Introduction and hypothesis
Mobile applications (apps) are becoming an increasingly popular means of obtaining medical information. The aim of our study was to identify and evaluate patient-centered fecal incontinence (FI) mobile apps using a modified APPLICATIONS scoring system.
We conducted searches in the Apple App and Google Play stores to identify FI-related mobile apps using search terms reflecting both commonly accepted medical terms as well as colloquial terms used by our patients with FI. Apps that were in English, relevant to FI, patient-centered, and medically accurate were included. Each eligible app was then independently evaluated by the three authors using a modified 17-point APPLICATIONS scoring system.
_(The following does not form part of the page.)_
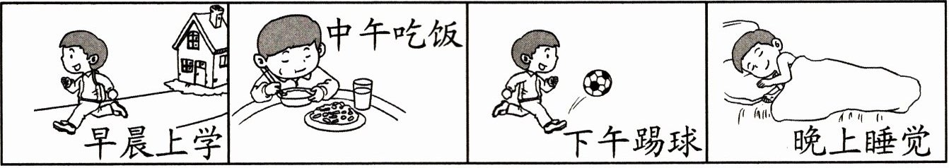 七、猜猜小明一天的时间,用线连一连。
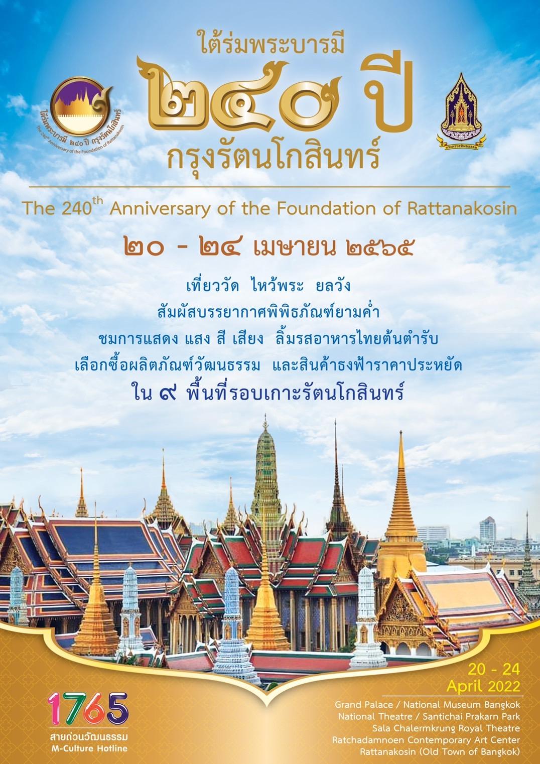 การจัดกิจกรรมฉลองกรุงรัตนโกสินทร์ 240 ในปี พ.ศ. 2565 มีชื่อว่า “ใต้ร่มพระบารมี 240 ปี กรุงรัตนโกสินทร์” (The 240th Anniversary of the Foundation of Rattanakosin)

We identified 2785 apps upon initial search using FI search terms. Fourteen apps met eligibility criteria for scoring. Most apps were bowel movement trackers (13/14, 93%), of which only three allowed for tracking of FI episodes. Only one (7%) app contained educational information specific to FI. Ten (71%) apps were fully functional at no cost. Thirteen (93%) apps cited literature. Median APPLICATIONS score was 10 (IQR 9–11). “BristolStoolChart,” “FreeToBe,” and “PoopLog” each received the highest total score of 13.
Patient-centered mobile apps that provide FI-specific educational information or allow for FI symptom tracking are scarce. While we did discover some accurate sources of information and means of tracking bowel habits, patients are likely to encounter inaccurate or irrelevant information even when searching for FI-related apps using appropriate terminology. Future app development should include FI-specific symptom tracking and educational information from reputable sources.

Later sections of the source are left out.